■ ASSIGNMENT
Take the lines from the one with "作為本次活動的支持單位,天門" to the end of the listing, both ends included, and quote them exactly, leaving pictures out.

*** Opening of INFORMATION SUPPLIED ***

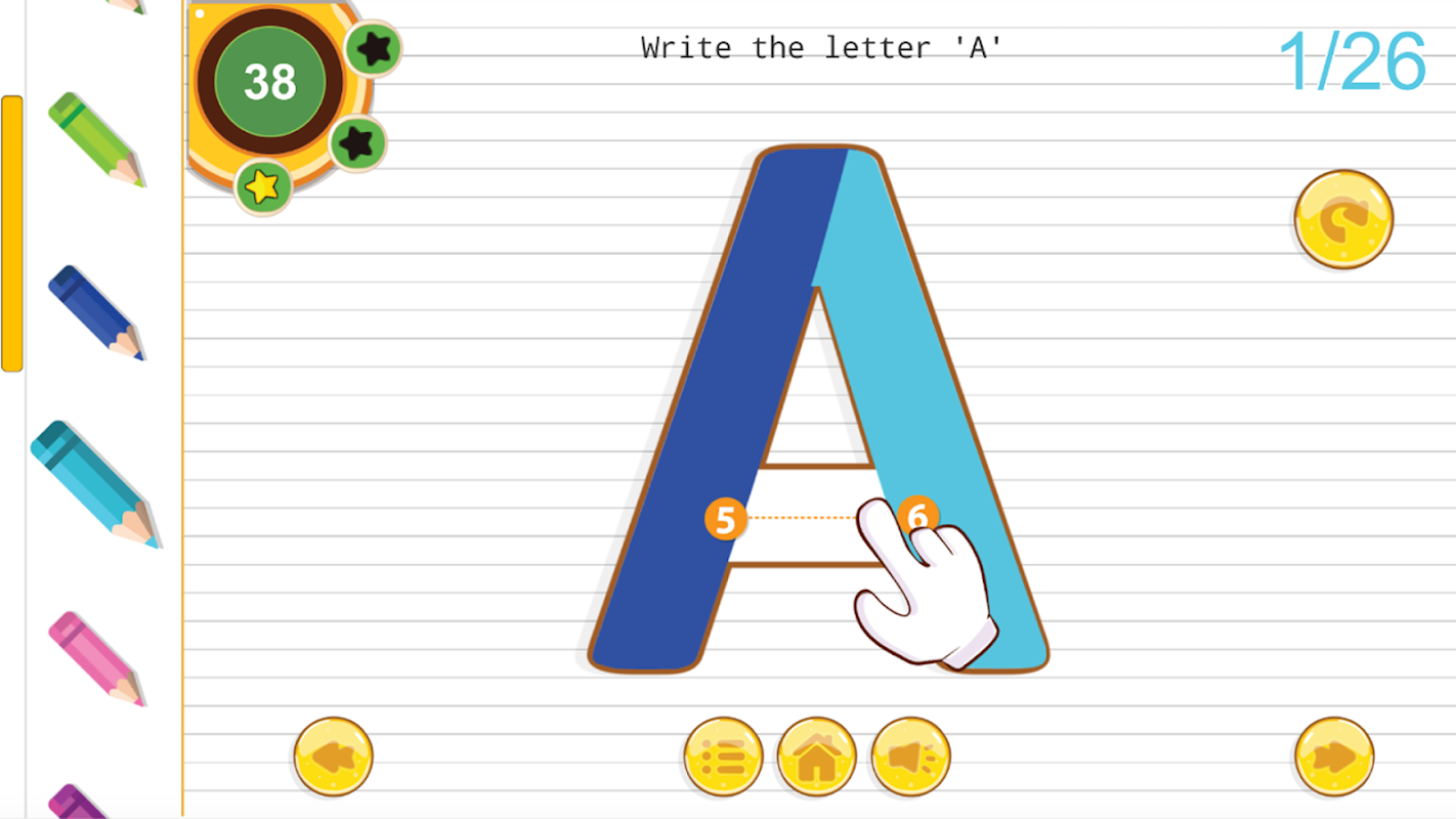 Use the Hand ✍️ or Mobile Pen ✏️ to trace and fill the letters (Lowercase,Uppercase) , Numbers.
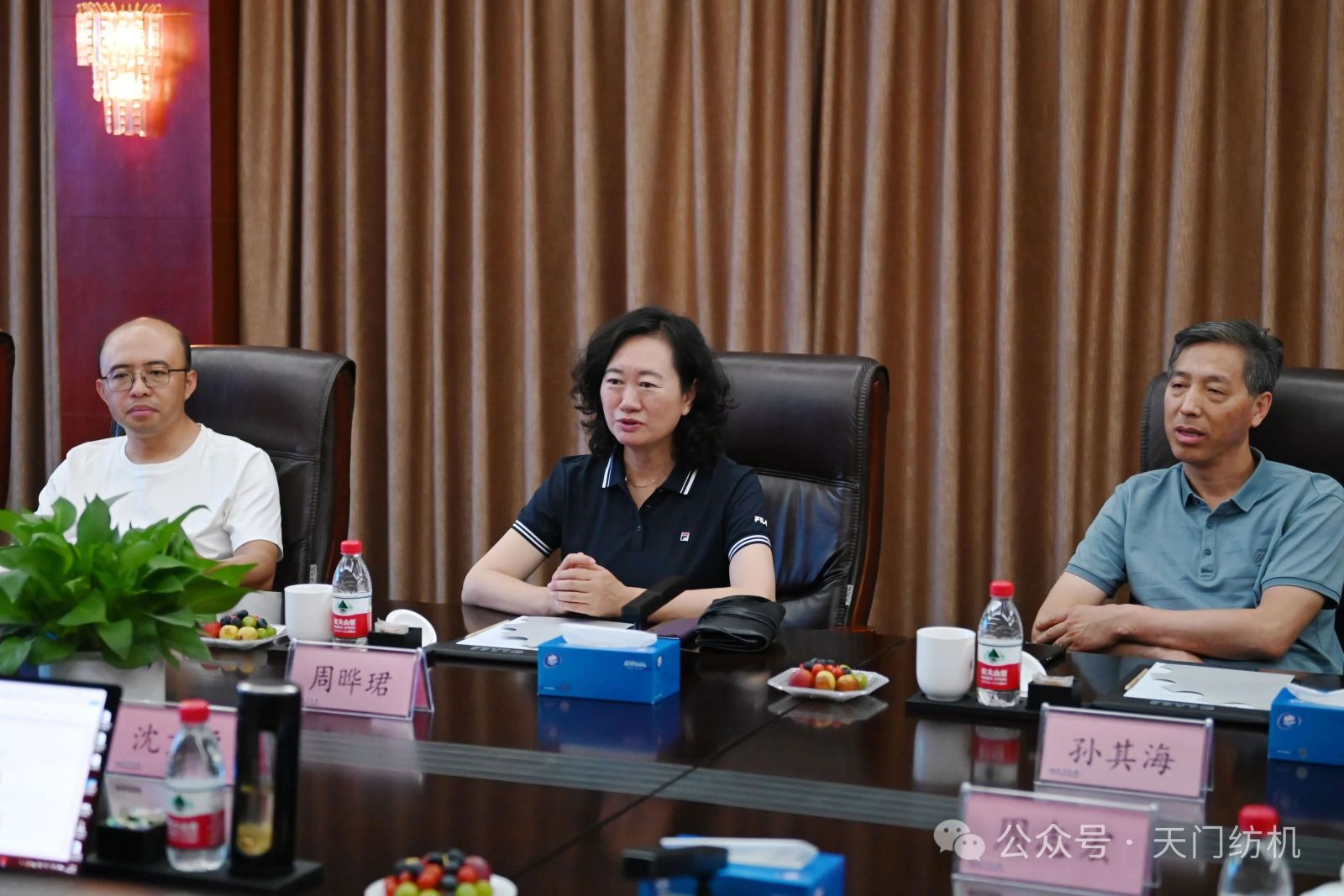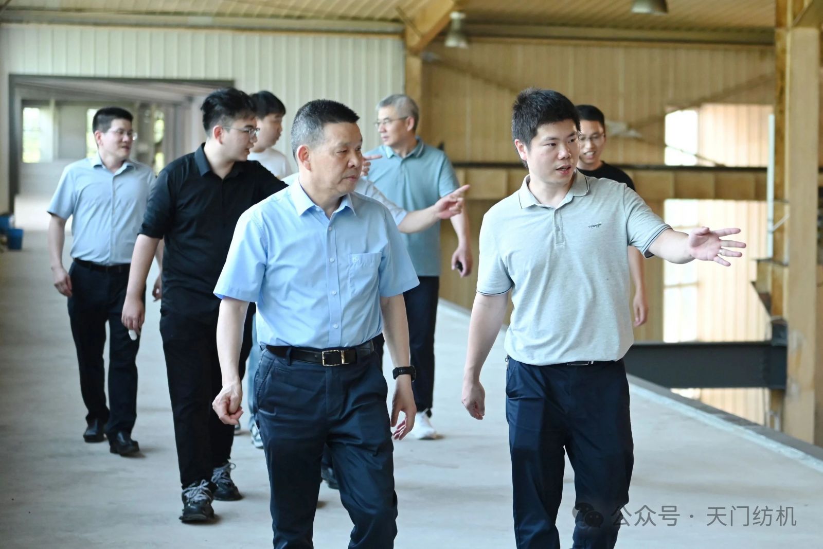 作為本次活動的支持單位,天門紡機盛情邀請了一批行業(yè)領(lǐng)袖和青年翹楚蒞臨公司指導(dǎo)交流。7月9日上午,無錫一棉原董事長周曄珺、中國紗線網(wǎng)副總裁孫其海、鐵門關(guān)星宇信達總經(jīng)理郭超、河南盛泰越南棉紡總經(jīng)理馬強強等貴賓蒞臨公司調(diào)研;當日下午,鄆城東盛總經(jīng)理劉顯豐、新疆智亞總經(jīng)理劉顯赫、福建云杉總經(jīng)理許立、廣東洪興實業(yè)股份有限公司營銷總監(jiān)柯楷楠、鄆城晨龍紡織總經(jīng)理何邦超等貴賓到訪公司。公司董事長沈方勇、總經(jīng)理焦倫進全程熱情接待。
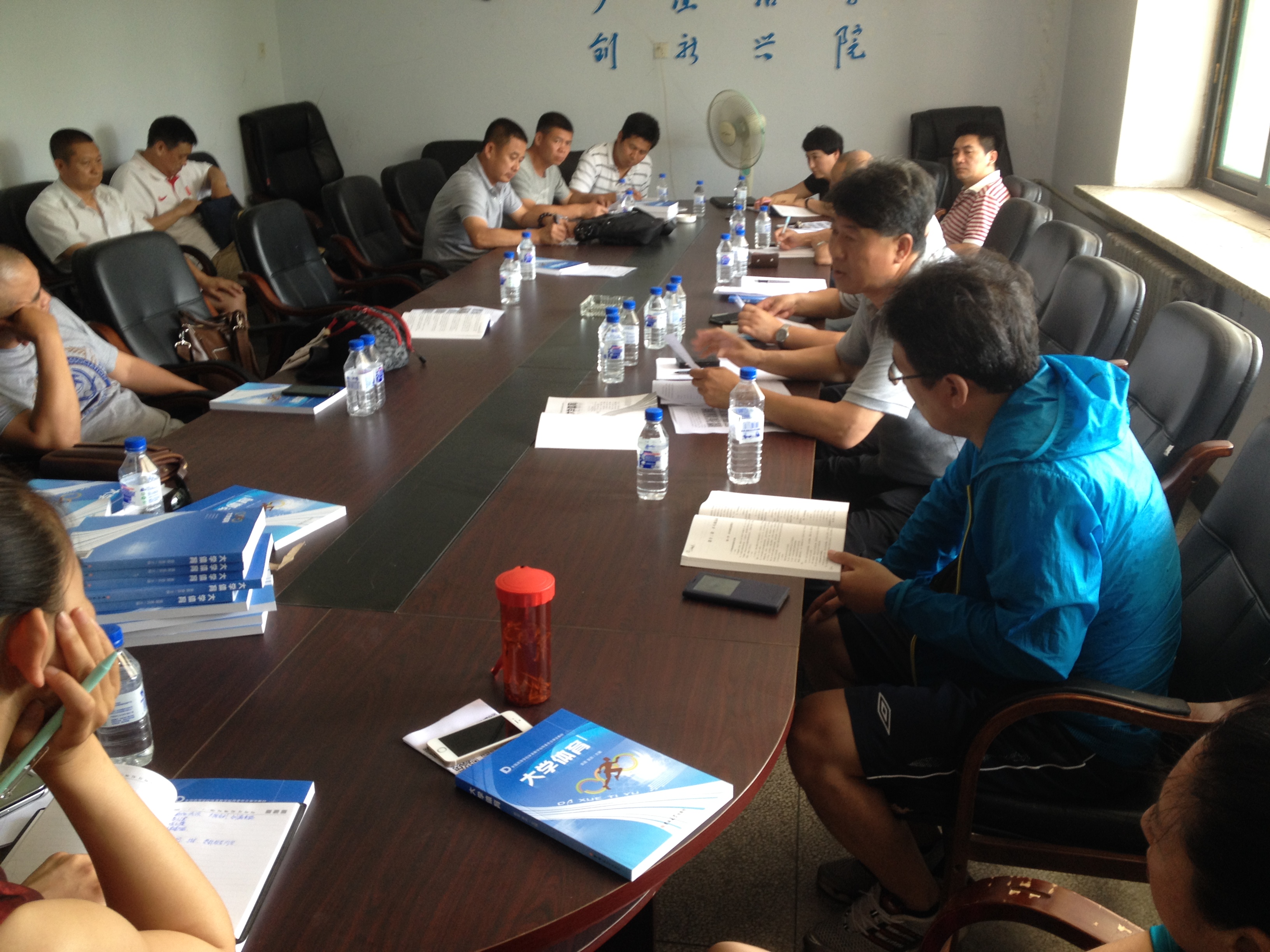 公共体育课程主讲教师工作职责》向各位主讲教师逐条解读,他要求利用暑假期间在主讲教师的带领下组织相关运动项目教师,研究更新课程教学内容,制定专项教学大纲、教学进度,规范教案模板,在下学期开课前进行统一集中备课,将公共体育课程主讲教师制落到实处。
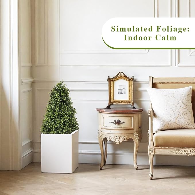 - Lifelike & Elegant Design - Crafted with dense, realistic foliage and a natural cone shape, these artificial boxwood plants bring a sophisticated, lifelike touch to your outdoor or indoor space. Each faux tree stands 2.5ft tall and is the perfect height to frame doorways or walkways

*** Close of INFORMATION SUPPLIED ***

■ OUTPUT OF THE EXERCISE
 作為本次活動的支持單位,天門紡機盛情邀請了一批行業(yè)領(lǐng)袖和青年翹楚蒞臨公司指導(dǎo)交流。7月9日上午,無錫一棉原董事長周曄珺、中國紗線網(wǎng)副總裁孫其海、鐵門關(guān)星宇信達總經(jīng)理郭超、河南盛泰越南棉紡總經(jīng)理馬強強等貴賓蒞臨公司調(diào)研;當日下午,鄆城東盛總經(jīng)理劉顯豐、新疆智亞總經(jīng)理劉顯赫、福建云杉總經(jīng)理許立、廣東洪興實業(yè)股份有限公司營銷總監(jiān)柯楷楠、鄆城晨龍紡織總經(jīng)理何邦超等貴賓到訪公司。公司董事長沈方勇、總經(jīng)理焦倫進全程熱情接待。
 公共体育课程主讲教师工作职责》向各位主讲教师逐条解读,他要求利用暑假期间在主讲教师的带领下组织相关运动项目教师,研究更新课程教学内容,制定专项教学大纲、教学进度,规范教案模板,在下学期开课前进行统一集中备课,将公共体育课程主讲教师制落到实处。
 - Lifelike & Elegant Design - Crafted with dense, realistic foliage and a natural cone shape, these artificial boxwood plants bring a sophisticated, lifelike touch to your outdoor or indoor space. Each faux tree stands 2.5ft tall and is the perfect height to frame doorways or walkways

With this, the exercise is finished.